# ACTIVITY:
The line with "Olay, Fatih Mahallesi" marks the first line to copy, and the line with "如果列印影像歪斜,您可以對齊「i」的邊距 (亦即從紙張左頁邊到列印區域的距離) 和「j」的邊距來糾正未對齊的影像。" marks the last. Transcribe that stretch of the data below exactly, without pictures.

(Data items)
+++++

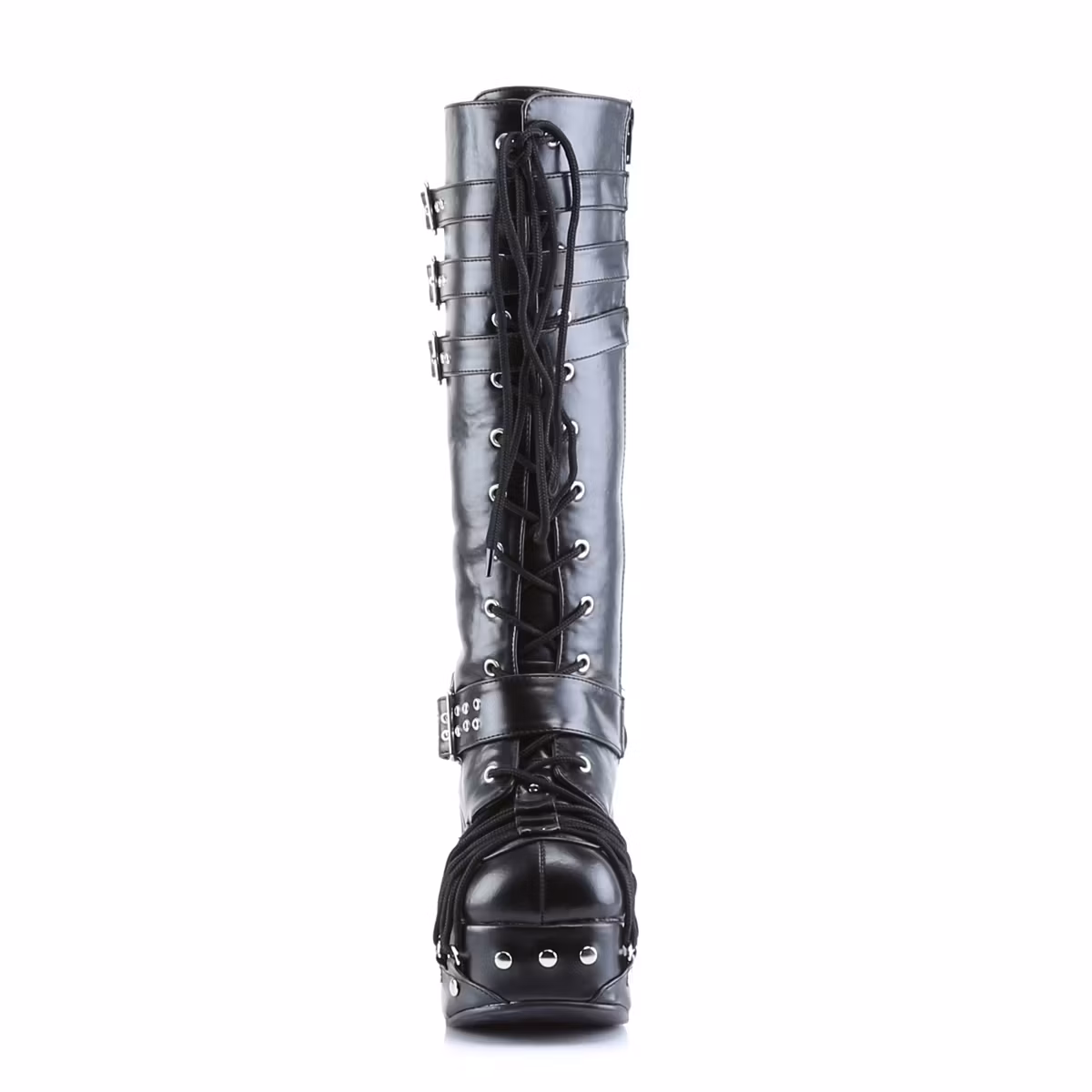 Charade-206 är supertuffa platåstövlar i skinnimitation med många tuffa detaljer från DemoniaCult. De har en klackhöjd på 11,4 cm och en platå på 5,1 cm och de stängs med både snörning fram och dragkedja i sidan. Det är amerikanska damstorlekar där 6 motsvarar 36, 7 37, 8 38, 9 39, 10 40, 11 41 och 12 42.
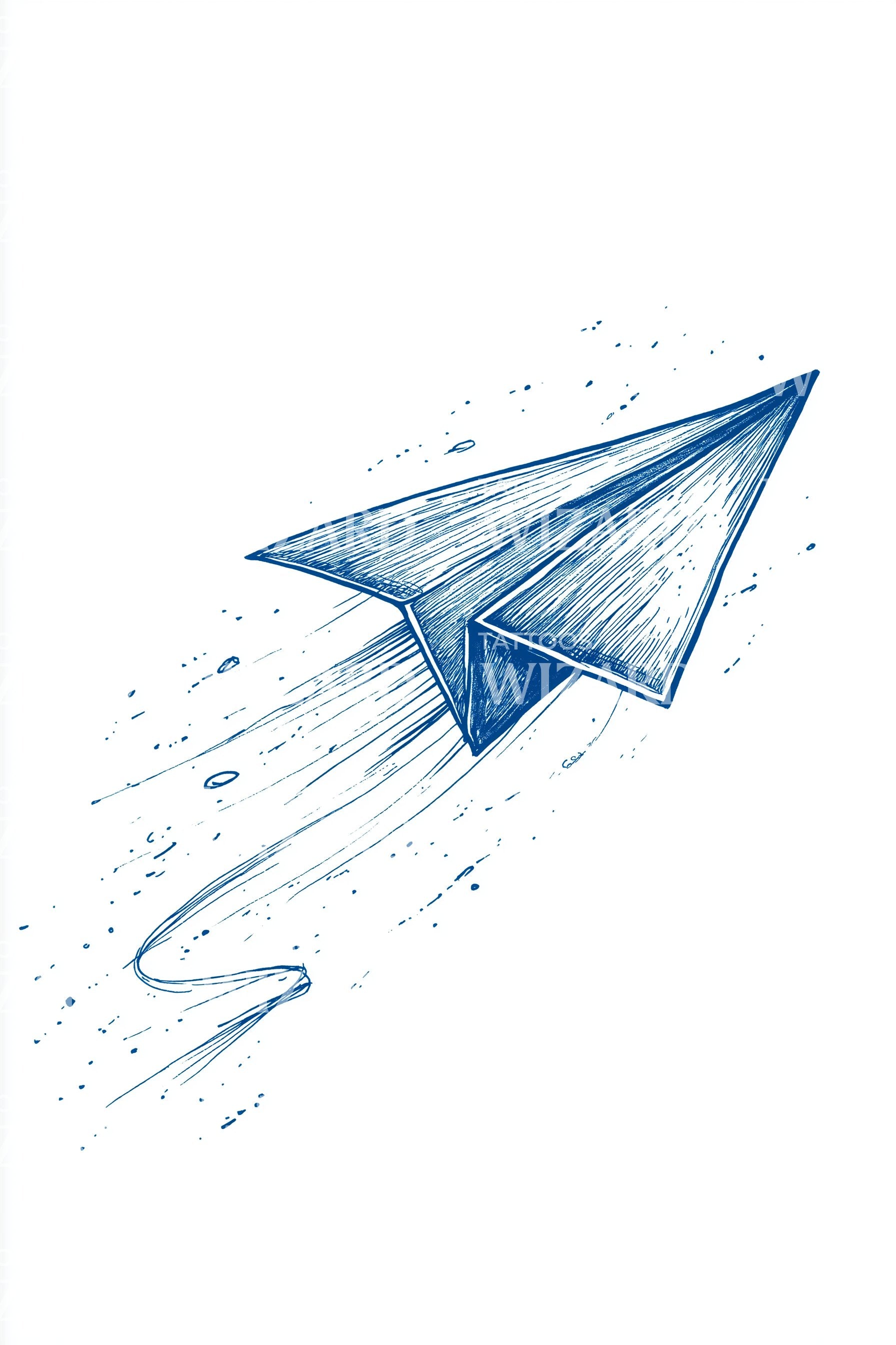 Sky-kissed watercolor lines sketch a blue paper plane, ink-splashed and swift, its trail sweeping forward. Symbol of playful beginnings and brave departures, it honors curiosity, letters unsent, flights ahead. Feels airy, hopeful, quietly daring. Best on forearm for momentum, ribcage for glide, calf for ascent, collarbone for lift.
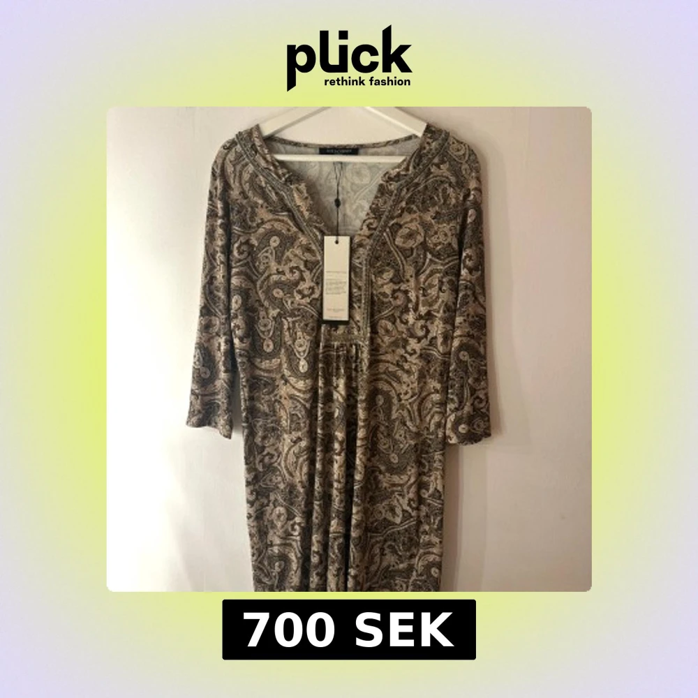 Elegant klänning från Ilse Jacobsen i ett vackert paisley-mönster. Klänningen har en V-ringning med dekorativa detaljer. Perfekt för både vardag och fest. Storlek M. Nypris 1800kr. Ny med prislapp
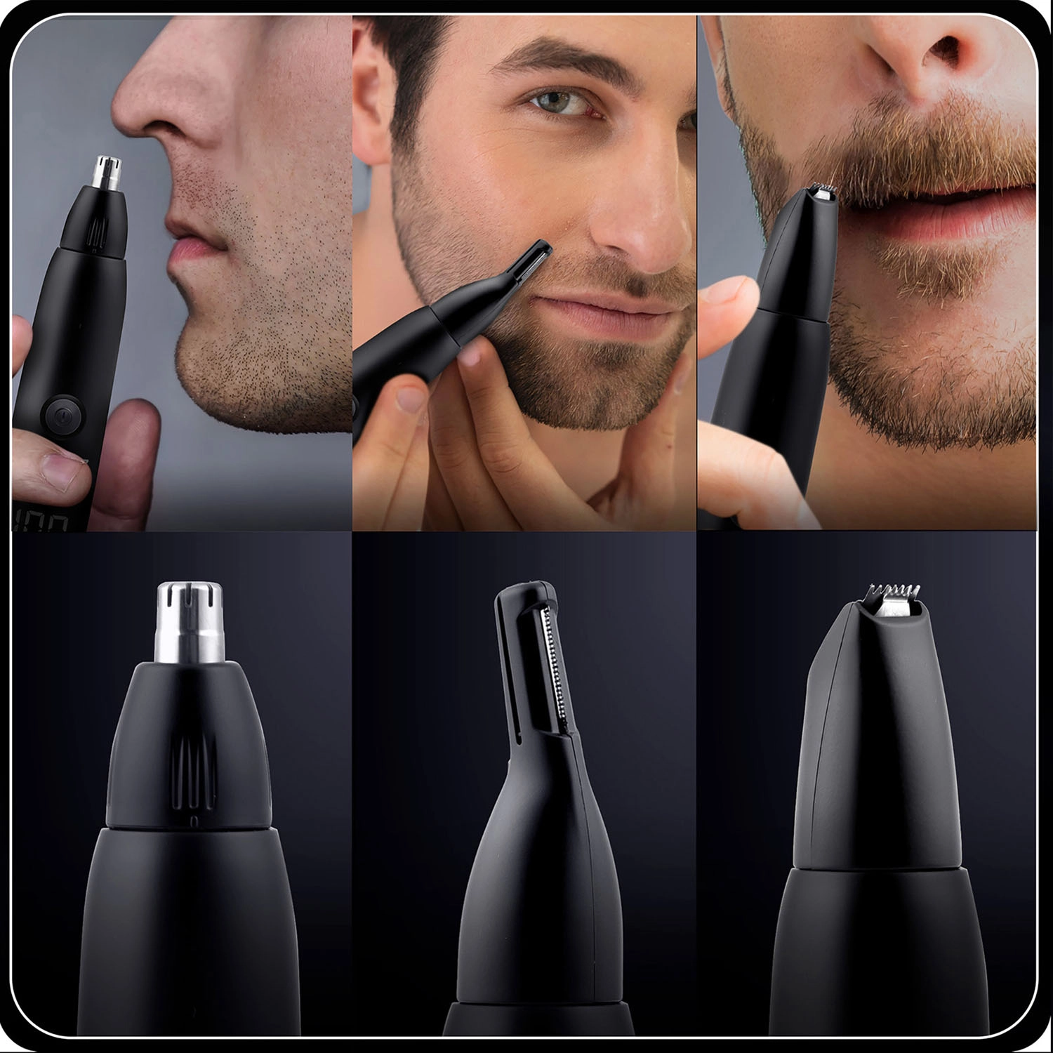 - 3 verwisselbare koppen: roterende kop voor neus en oren, brede kop voor snel scheren van grotere oppervlakken (wangen, hals) en een precieze kop voor details, contouren van bakkebaarden en snor.
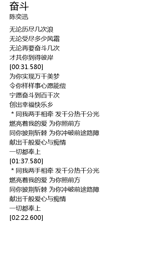 | [00:41.360] | 宁愿奋斗到百千次 |
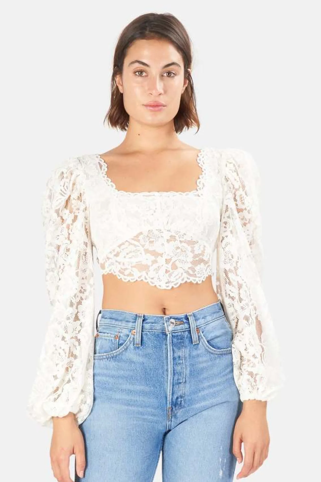 White Corded Lace Crop Top – Romantic Elegance with Intricate Details.
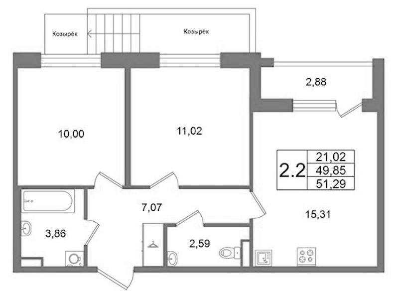 • Площадь49,85 м2
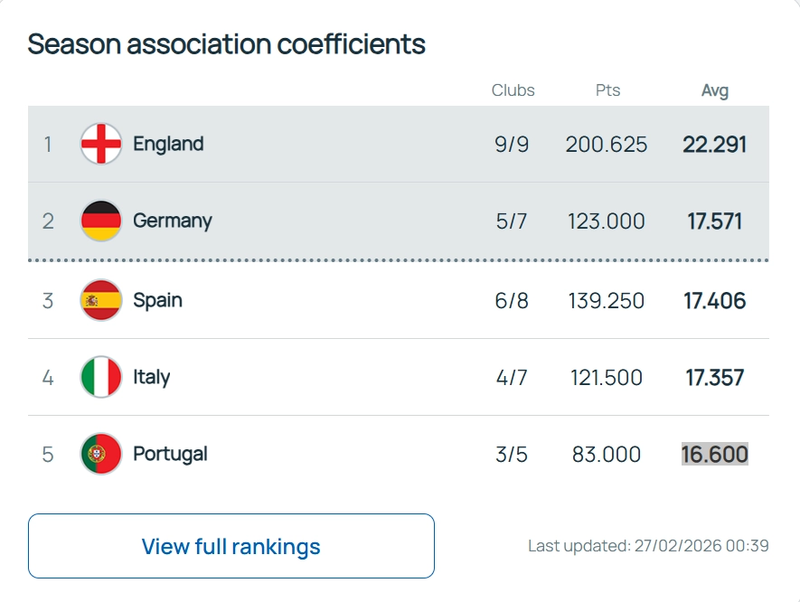 На този етап преди осминафиналите в евротурнирите Германия е на второто място с коефициент 17.571 точки, трети са испанците със 17.406 точки, Италия е на четвъртата позиция със 17.357 точки, а петото място е за Португалия с 16.600 точки.
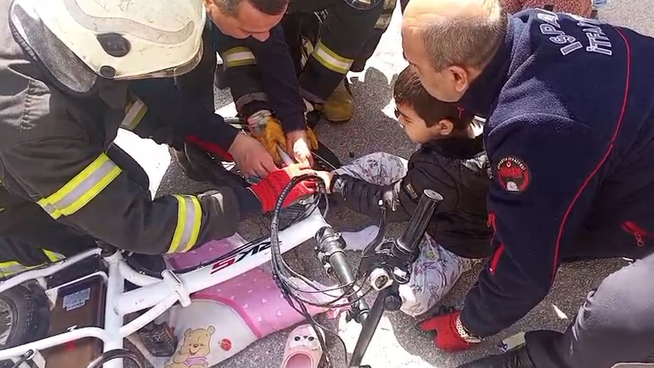 Olay, Fatih Mahallesi 4628 sokakta meydana geldi. Metin A.'nın ayağı bindiği bisiklete sıkıştı. Çevredekilerin yardımına geldiği çocuk için Isparta Belediyesi İtfaiye Müdürlüğü ekiplerine haber verildi. Olay yerine gelen ekipler müdahale ederek Metin A.'yı kurtardı. Metin A.'nın sağlık durumunun iyi olduğu öğrenildi. (DHA)
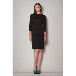 Dámské elegantní šaty M181 FIGL jednoduchého střihu s lodičkovým výstřihem. 3/4 rukávy jsou zakončeny lemem stejně tak i výstřih. Šaty jsou volnějšího střihu s délkou nad kolena. Materiálové složení:96% polyester + 4% elastan
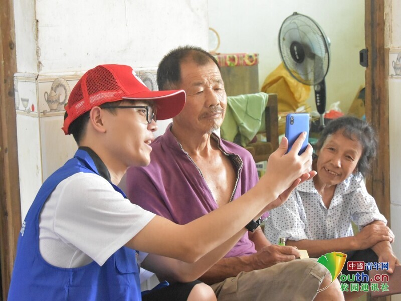图为实践队队员帮助老年人进行人脸识别操作。中国青年网通讯员 龙暄颖 供图
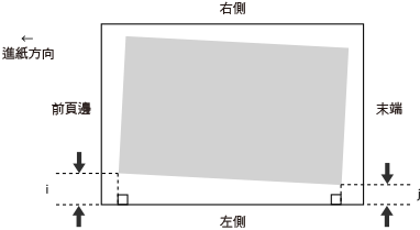如果列印影像歪斜,您可以對齊「i」的邊距 (亦即從紙張左頁邊到列印區域的距離) 和「j」的邊距來糾正未對齊的影像。
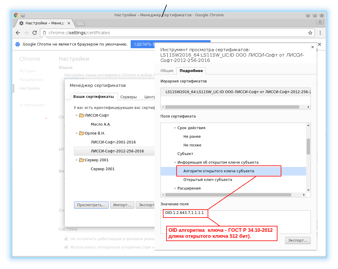 Как говорилось выше, за реализацию собственно протокола HTTPS в браузерах Chrome от Google отвечает библиотека BoringSSL. А библиотека BoringSSL сегодня поддерживает только ключи типа RSA и ECDSA и тем более ничего не знает про российские шифрсьюты TLS_GOSTR341001_WITH_28147_CNT_IMIT и TLS_GOSTR341112_256_WITH_28147_CNT_IMIT (GOST2001-GOST89-GOST89, GOST2012-GOST8912-GOST8912 — в терминологии OpenSSL ).

+++++

# ANSWER SPACE:
 Olay, Fatih Mahallesi 4628 sokakta meydana geldi. Metin A.'nın ayağı bindiği bisiklete sıkıştı. Çevredekilerin yardımına geldiği çocuk için Isparta Belediyesi İtfaiye Müdürlüğü ekiplerine haber verildi. Olay yerine gelen ekipler müdahale ederek Metin A.'yı kurtardı. Metin A.'nın sağlık durumunun iyi olduğu öğrenildi. (DHA)
 Dámské elegantní šaty M181 FIGL jednoduchého střihu s lodičkovým výstřihem. 3/4 rukávy jsou zakončeny lemem stejně tak i výstřih. Šaty jsou volnějšího střihu s délkou nad kolena. Materiálové složení:96% polyester + 4% elastan
图为实践队队员帮助老年人进行人脸识别操作。中国青年网通讯员 龙暄颖 供图
如果列印影像歪斜,您可以對齊「i」的邊距 (亦即從紙張左頁邊到列印區域的距離) 和「j」的邊距來糾正未對齊的影像。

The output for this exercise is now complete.